Segment Open

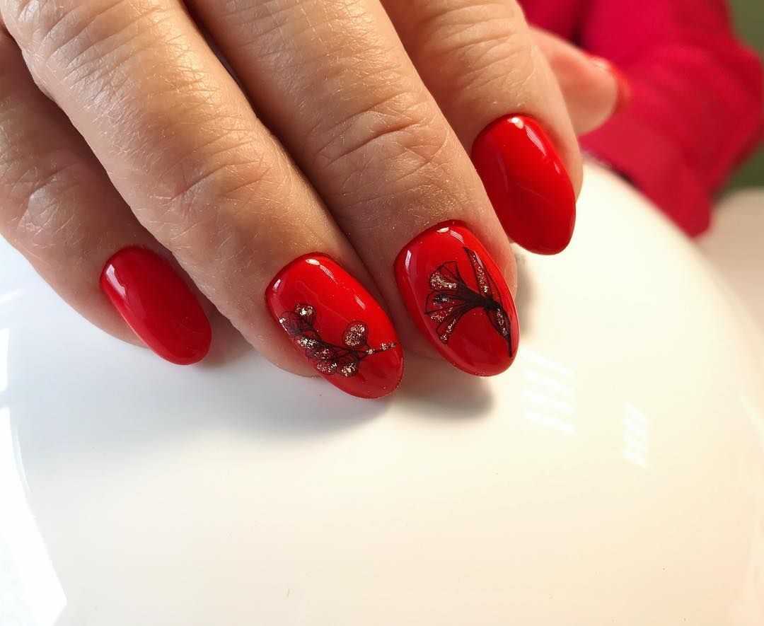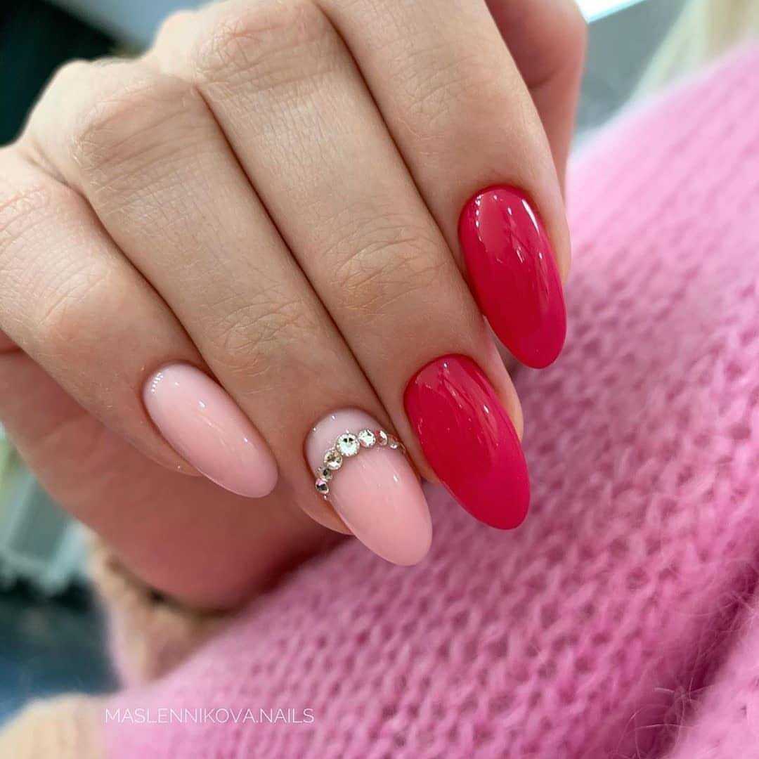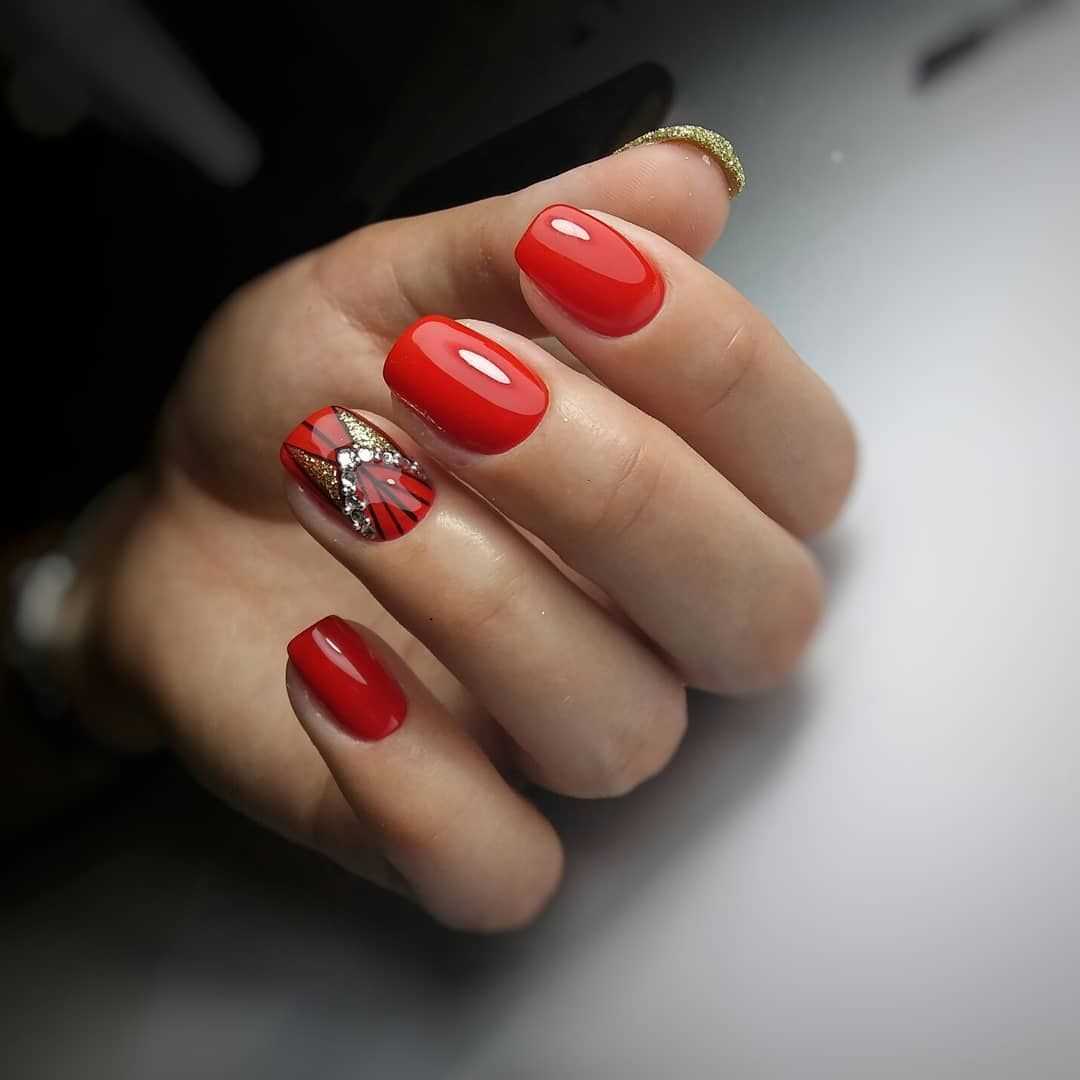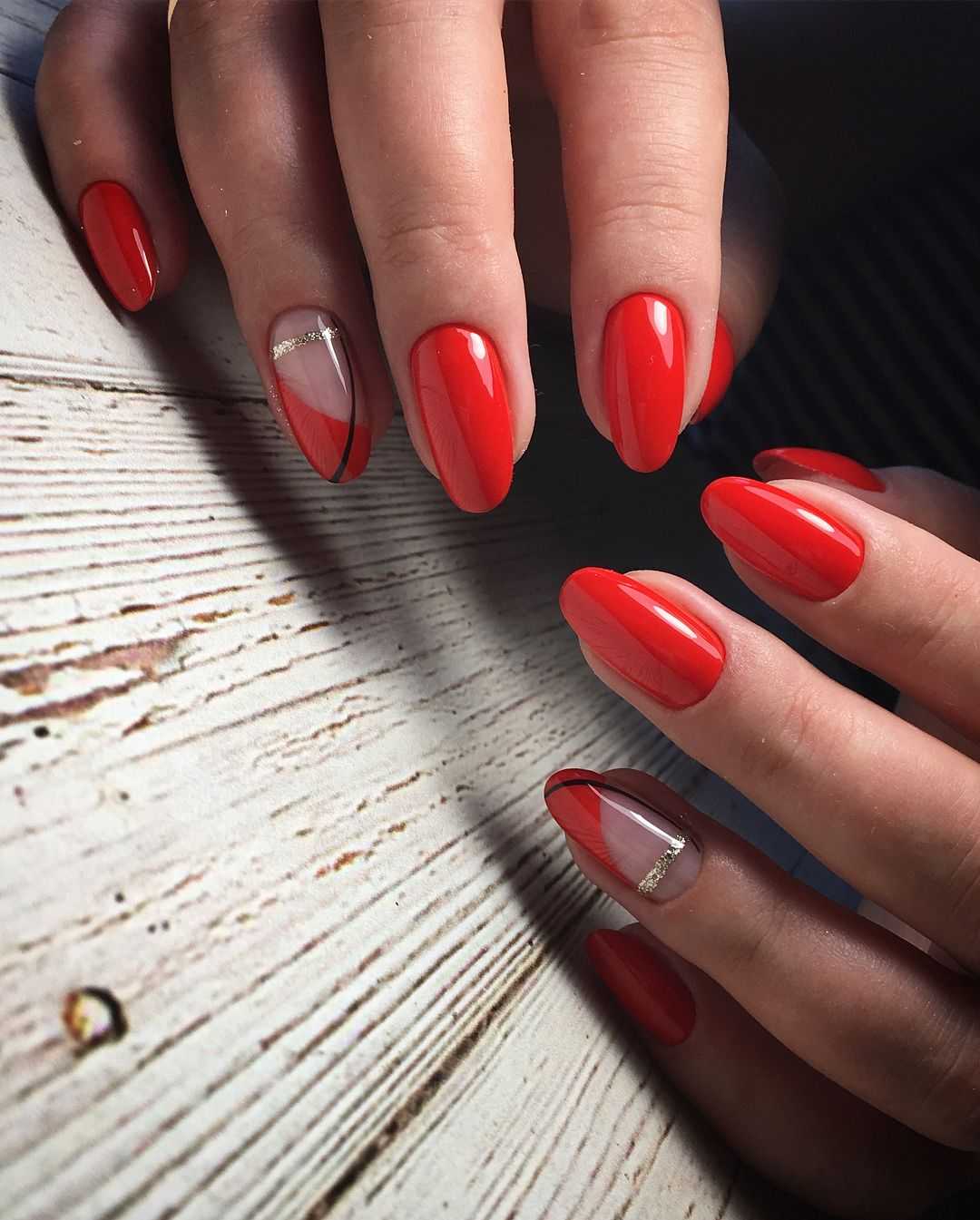 Для восхитительного светлого дизайна можно дополнить сияющим декором пастельный нейл-арт. Также отлично будет смотреться яркое покрытие, дополненное фольгой или сверкающей пудрой. Например, можно выбрать насыщенный красный, который будет одним из трендов 2021 года.
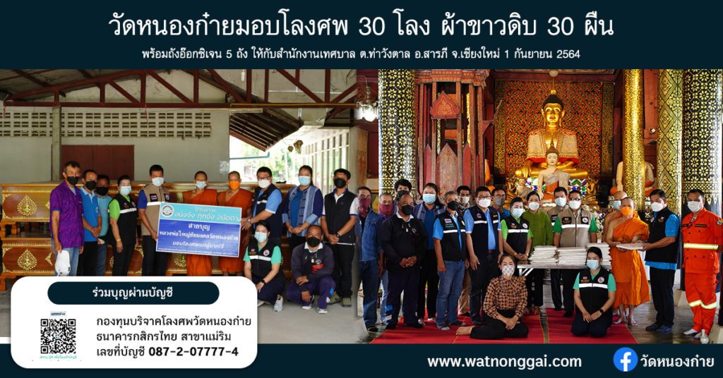 1 กันยายน 2564 วัดหนองก๋ายขออนุโมทนาบุญกับเจ้าภาพทุกท่านที่ได้ร่วมบุญมอบโลงศพ 30 โลง พร้อมผ้าขาวดิบ 30 ผืน ถังอ๊อกซิเจน 5 ถัง พร้อมกับกับเครื่องคุมความดัน 5 ถัง ให้กับสำนักงานเทศบาล ต.ท่าวังตาล อ.สารภี จ.เชียงใหม่
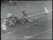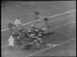 Score reversed after illegal fifth down between Cornell and Dartmouth at Memorial Field in Hanover, New Hampshire / Slow motion shot of Cornell ball on the 6 yard line for the first down of the Fifth Down Game / Walter Shoals carrying on the second down with Dartmouth 3 and Cornell 0 / slow motion shot of the third down / Cornell has a five yard penalty for too much time outs / slow motion shot of fourth down / football is passed into the end zone.
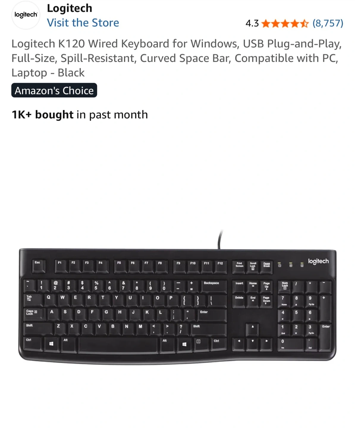 This is a Logitech K120 wired keyboard in black. It features a full-size layout with a curved space bar for comfortable typing. It's USB plug-and-play for easy setup.
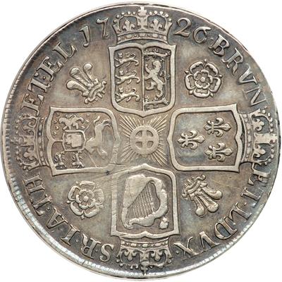 Great Britain. Crown, 1726. S.3639A; Dav-1345. George I, 1714-1727. Laureate and draped bust right. Reverse: Small roses and plumes in angles. Toned. ANACS graded VF-35.
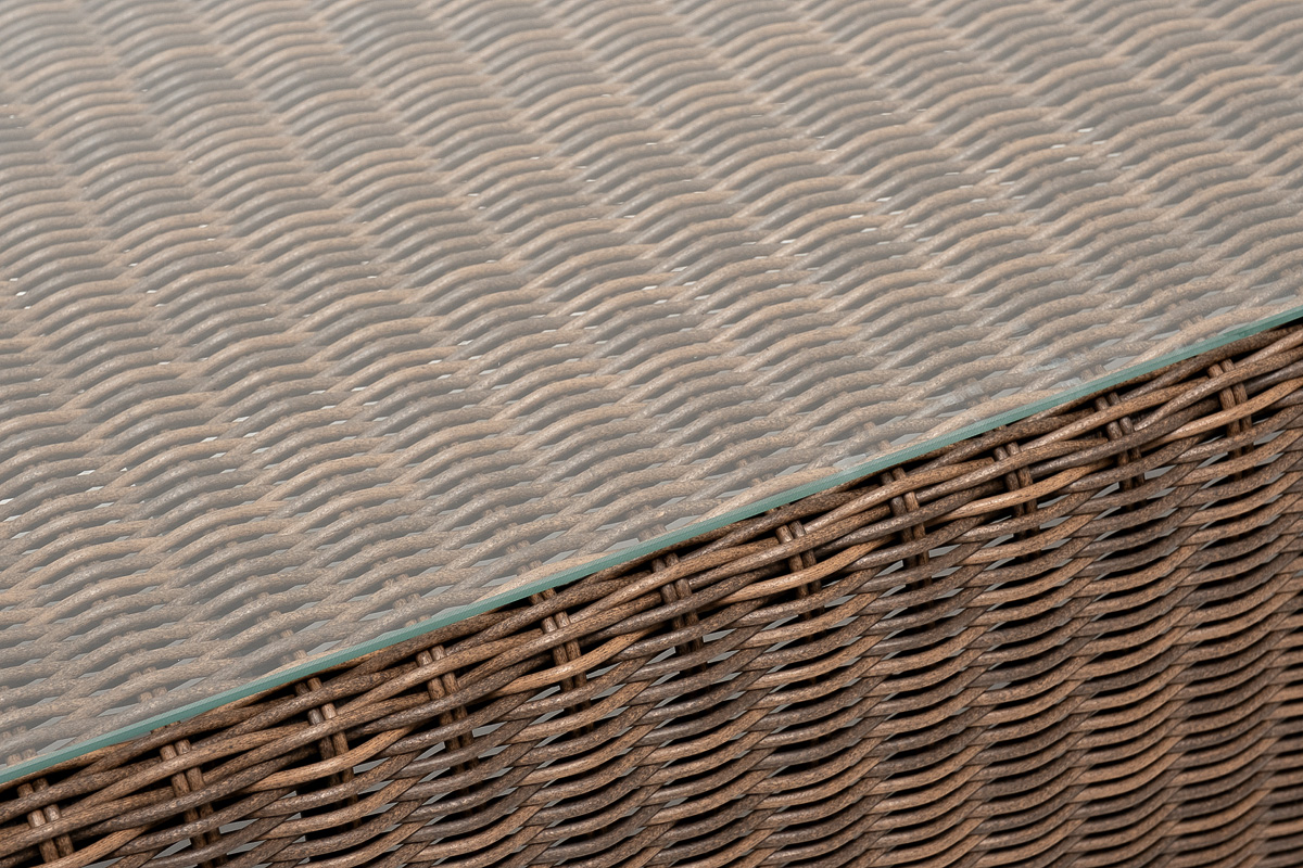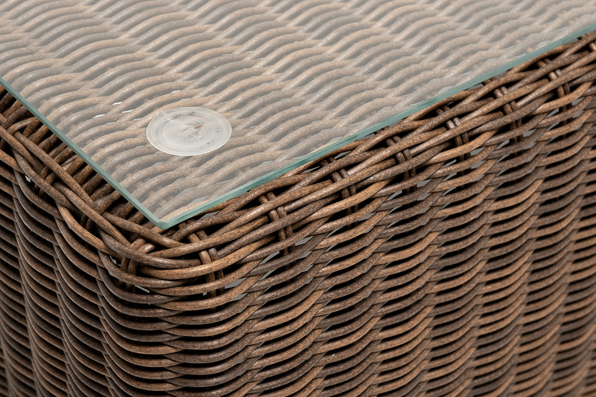 Каркас столика изготовлен из алюминия, вручную оплетенного круглым искусственным ротангом.

Segment Closed

## Task to complete
Every record above should reappear exactly, with the pictures gone.

## Solution for this exercise
 Для восхитительного светлого дизайна можно дополнить сияющим декором пастельный нейл-арт. Также отлично будет смотреться яркое покрытие, дополненное фольгой или сверкающей пудрой. Например, можно выбрать насыщенный красный, который будет одним из трендов 2021 года.
 1 กันยายน 2564 วัดหนองก๋ายขออนุโมทนาบุญกับเจ้าภาพทุกท่านที่ได้ร่วมบุญมอบโลงศพ 30 โลง พร้อมผ้าขาวดิบ 30 ผืน ถังอ๊อกซิเจน 5 ถัง พร้อมกับกับเครื่องคุมความดัน 5 ถัง ให้กับสำนักงานเทศบาล ต.ท่าวังตาล อ.สารภี จ.เชียงใหม่
 Score reversed after illegal fifth down between Cornell and Dartmouth at Memorial Field in Hanover, New Hampshire / Slow motion shot of Cornell ball on the 6 yard line for the first down of the Fifth Down Game / Walter Shoals carrying on the second down with Dartmouth 3 and Cornell 0 / slow motion shot of the third down / Cornell has a five yard penalty for too much time outs / slow motion shot of fourth down / football is passed into the end zone.
 This is a Logitech K120 wired keyboard in black. It features a full-size layout with a curved space bar for comfortable typing. It's USB plug-and-play for easy setup.
 Great Britain. Crown, 1726. S.3639A; Dav-1345. George I, 1714-1727. Laureate and draped bust right. Reverse: Small roses and plumes in angles. Toned. ANACS graded VF-35.
 Каркас столика изготовлен из алюминия, вручную оплетенного круглым искусственным ротангом.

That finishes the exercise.